By Arik Hesseldahl
Software giant Microsoft just filed its annual proxy statement with the U.S. Securities and Exchange Commission, and it contains the assessment by the company's board of directors of CEO Steve Ballmer.
Ballmer takes home a base salary of $682,000, and his bonus doubled it to just shy of $1.4 million. But it could have been higher. The board had the authority to award Ballmer a bonus worth up to 200 percent of his base salary and decided not to, opting instead to keep it at 100 percent.
But see, it's not about the money. This is all the equivalent of change found under a couch cushion when compared to the worth of Ballmer's holdings of Microsoft shares, which are worth about $14 billion or so. It's about what Microsoft's board thinks, especially at a time when some people have started to argue that it's time for a change at Microsoft's top.
There is, for instance, the issue of Windows Mobile, which Ballmer readily admits isn't selling "as well as we would have liked." And what about that 2 percent decline in Windows revenue?
The board's verdict:
For fiscal year 2011, the Compensation Committee recommended and the independent members of our Board of Directors approved an Incentive Plan award of $682,500, which was 100% of his target award. The award was based on his performance appraisal and other relevant information considered by the independent members of the Board, including: Mr. Ballmer's performance against his individual commitments; the operating income performance of the Company relative to 25 large technology companies (a group that includes most of our Technology Peers); successful product launches including Kinect for Xbox and Office 365, enhancements to Windows Azure and Bing; continued progress positioning the company as a leader in the cloud and cloud-based infrastructure; key partnerships with Facebook and Nokia; significant progress in development of the next generation of Windows; work toward the successful acquisition of Skype; lower than expected initial sales of Windows Phone 7; the 2% decline in revenue for the Windows and Windows Live Division; the need for further progress in new form factors; and an overall strong financial year in which Microsoft reported record revenue of $69.9 billion, record operating income of $27.1 billion, and record earnings per share of $2.69 representing 12%, 13%, and 28% growth, respectively.

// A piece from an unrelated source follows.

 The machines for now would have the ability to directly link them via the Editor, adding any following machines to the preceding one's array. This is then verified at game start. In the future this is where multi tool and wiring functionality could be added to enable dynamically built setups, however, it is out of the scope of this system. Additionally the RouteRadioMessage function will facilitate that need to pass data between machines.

Yay Ballmer. So how did the rest of the senior management team do? Here's what the board says in the proxy filing.
CFO Peter Klein: He get $3.6 million, which was 120 percent of his target award, and credit for focusing on operating expenses and on the capital allocation plan, which resulted in $16.9 billion of cash returned to shareholders by way of share buybacks and dividends. He also did the due diligence on the Skype acquisition.
Kurt DelBene, president of the Microsoft Office Division: Annual revenue from the division increased 17 percent to $20 billion; Office 2010 was the fastest-selling version in the product's history; and Office 365 got out the door. Plus Sharepoint, Exchange and Lync had "double digit growth." Based on his fiscal year 2011 performance, DelBene received an incentive plan award of $7.25 million, 132 percent of his target award.
Steven Sinofsky, president Windows and Windows Live: Revenue is falling slightly in this group beacuse of the decline in consumer PC sales, but Windows 8 is on the way. For all this Sinofsky, got $6.3 million or 90 percent of his target award.
Kevin Turner, COO: With Microsoft reporting annual revenue of $70 billion and operating income of $27 billion, up 13 percent, Turner earned an incentive plan award of $9.63 million, 110 percent of his target.